Today, I am content. I know where I am. I love and am loved. I appreciate the peace and the stillness I currently have at my disposal. Today I am free of obligations. I know that everything is temporary. My apartment is temporary. My unemployment is temporary. Even my peace of mind is temporary. And as director Whit MacLaughlin once said to us in rehearsal, "change, if we consider it a constant, can be a comfort." All I know is that things will change. And so in this moment, I am thankful for the opportunities and the people in my life. Although I know they will flow in and out of my life like the tides, the lessons I learn from them will stay with me permanently. Everything leaves its residue on us. Someday, I'll look back fondly on this time in my life and remember what it was like to not know...how freeing, how exhilirating it can be to be unsure.
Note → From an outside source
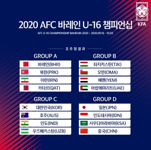 한편, 2020 AFC U-16 챔피언십 대회는 오는 9월 16일부터 10월 3일까지 바레인에서 열린다. 2020 AFC U-19 챔피언십은 10월 14일부터 31일까지 우즈베키스탄에서 열린다.

I am no longer afraid of not knowing. I am no longer afraid of loss or failure or even rejection. I am living without expectations, without certainty, without trying to possess or be possessed. This life I get to live right now, in my cozy apartment, with my lovely friends around me, with creative work to do, with a snuggly boy on the side, is just one of the many lives I've lived. All I'm certain of is that there will be many more to come.